PROMPT: Nothing but the lines from the one containing "Het stroomschema gaat" through the last line of the material should appear in the answer, transcribed exactly, pictures excluded.

---------- MATERIAL FOR THIS TASK

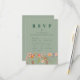 Este cartão de gabinete RSVP de casamento floral de flor selvagem que inclui opções de refeições, números de atendimento e alergias de comida é a adição perfeita ao seu pacote de convite para casamento verde de sábio, projetado para complementar sem problemas o charme de vovô de sua celebração. Apresentando prados à mão com cor d'água em prados silvestres, em tons quentes e autóctones de laranja queimada, terracota, roxo, amarelo, coral, número queimado, pêssego e rosa macio, esta carta adiciona um toque de elegância e capricho. Com um modelo fácil de usar, você pode personalizar facilmente os detalhes de RSVP para seu dia especial. Os belos florais rústicos boêmicos criam uma refinada, mas inspirada na natureza, estética de prados de flores silvestres, enquanto a elegante tipografia verde-escura adiciona um contraste moderno. Projetado com uma obra de arte original por Catherine Sweetman, esta carta de apresentação captura a essência de sua celebração, convidando seus entes queridos a se juntar a vocês em uma celebração quente e inesquecível do amor.
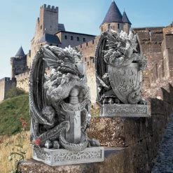 The Design Toscano The Arthurian Dragon Statue Set depicts in fantastical detail the legendary dragon brothers who loyally guard Avon Castle. Both sculptures in this set are cast in resin and feature stunning etching along the sword, shield, spiny wings, claws, and Celtic knot bases. These dragon statues are perfect for flanking your front door and are finished to resemble stone.
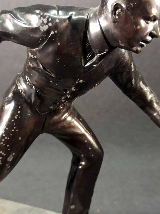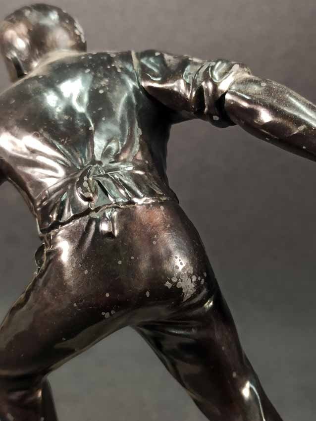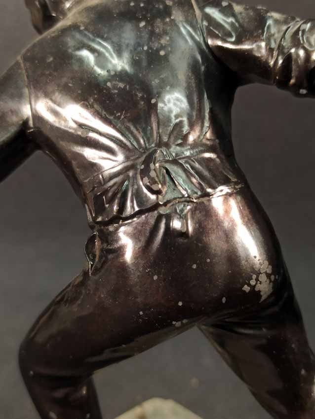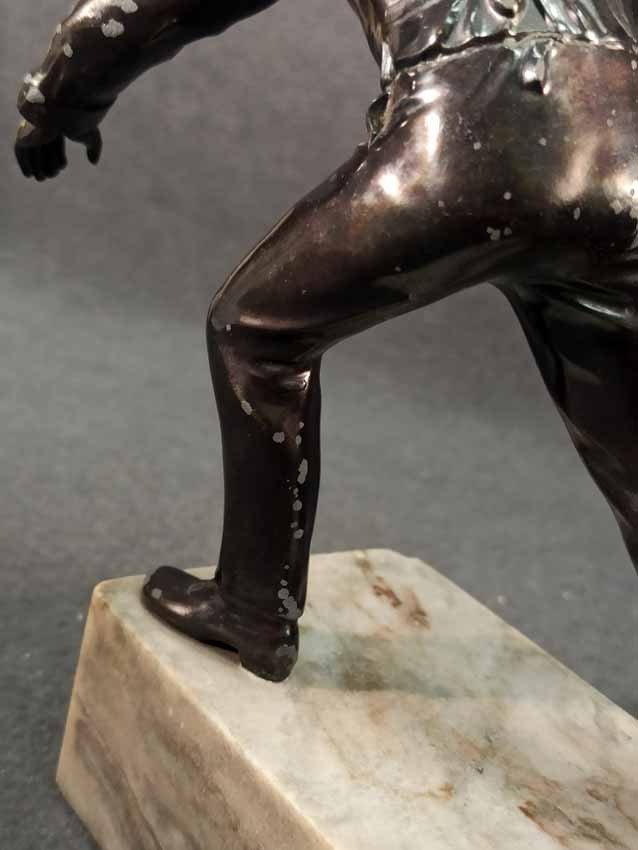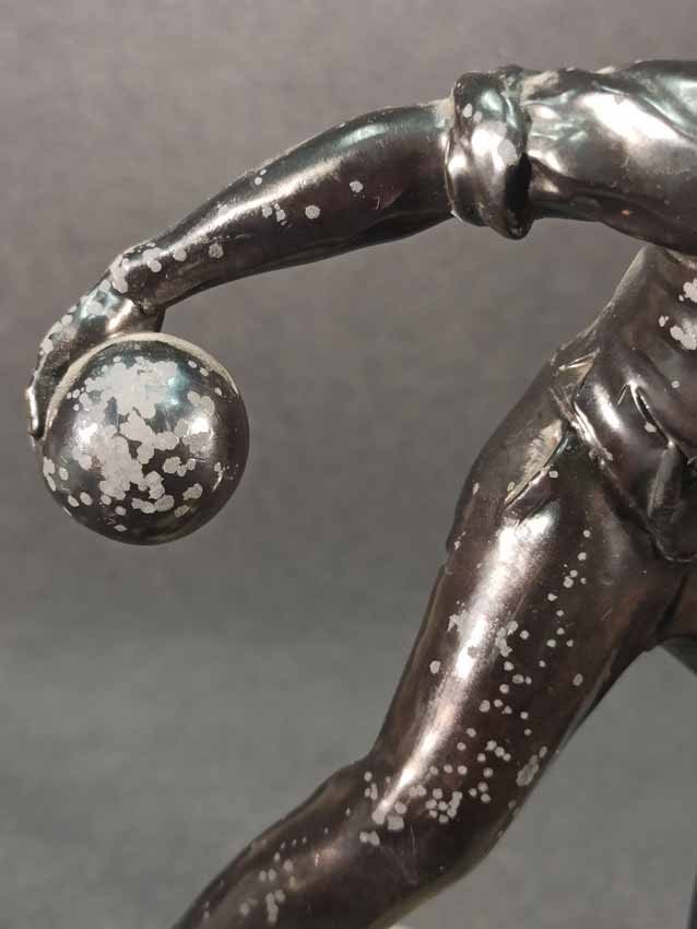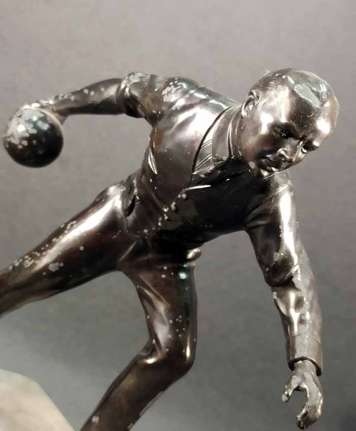 Plastik eines Kegel Sportlers in dynamischer Position. Um 1900, auf Marmorsockel. Metallguss, Oberflächen mit Gebrauchssporen bzw. punktuellen Nutzungsspuren der Oberflächem (Fotos). Figur ohne Beschädigungen. H. mit Sockel 20 cm.
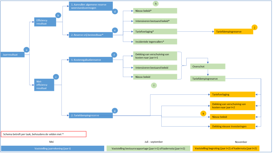 Het stroomschema gaat uit van een positief jaarresultaat per taak. Indien sprake is van een negatief jaarresultaat bij een taak, dan vindt er geen analyse plaats om te komen tot een splitsing van het resultaat in efficiency en niet-efficiency. Dat zou namelijk kunnen leiden tot een storting in de algemene reserve vrij besteedbaar en tegelijkertijd een onttrekking en daarmee uitholling van een bestemmingsreserve van een taak.
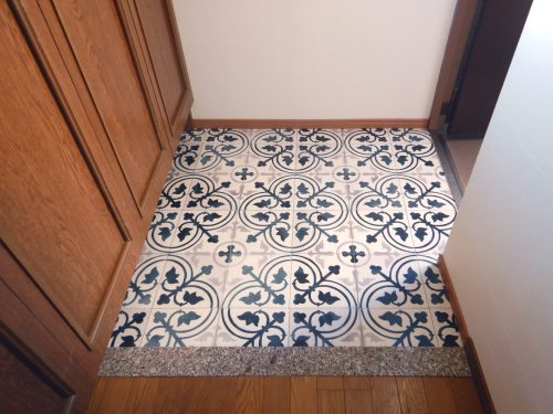 玄関の結露で傷んだ壁・天井・床の内装を貼替えて明るくなり、イメージが一新!玄関床はアンティークの風合いを演出した伝統的なタイル柄です。
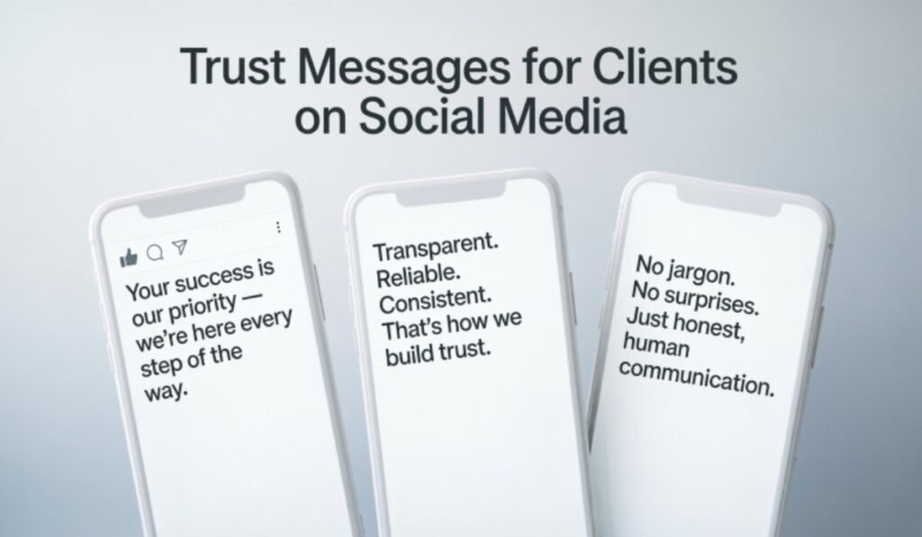 Short, meaningful Trust Messages for Clients build instant client confidence. They promote client loyalty, engagement, and professional partnerships. Quick, clear, and authentic messages maintain transparency, consistency, and communication, enhancing client satisfaction and long-term relationships.
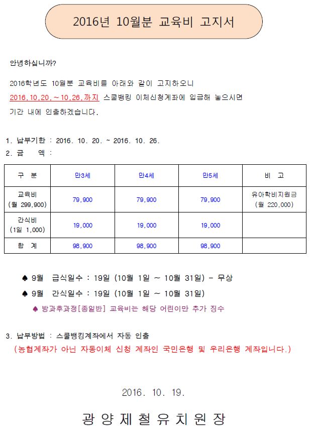 2016년 10월 14일 현장체험학습비 정산내역 공개

--------------------

WRITTEN ANSWER:
 Het stroomschema gaat uit van een positief jaarresultaat per taak. Indien sprake is van een negatief jaarresultaat bij een taak, dan vindt er geen analyse plaats om te komen tot een splitsing van het resultaat in efficiency en niet-efficiency. Dat zou namelijk kunnen leiden tot een storting in de algemene reserve vrij besteedbaar en tegelijkertijd een onttrekking en daarmee uitholling van een bestemmingsreserve van een taak.
 玄関の結露で傷んだ壁・天井・床の内装を貼替えて明るくなり、イメージが一新!玄関床はアンティークの風合いを演出した伝統的なタイル柄です。
 Short, meaningful Trust Messages for Clients build instant client confidence. They promote client loyalty, engagement, and professional partnerships. Quick, clear, and authentic messages maintain transparency, consistency, and communication, enhancing client satisfaction and long-term relationships.
 2016년 10월 14일 현장체험학습비 정산내역 공개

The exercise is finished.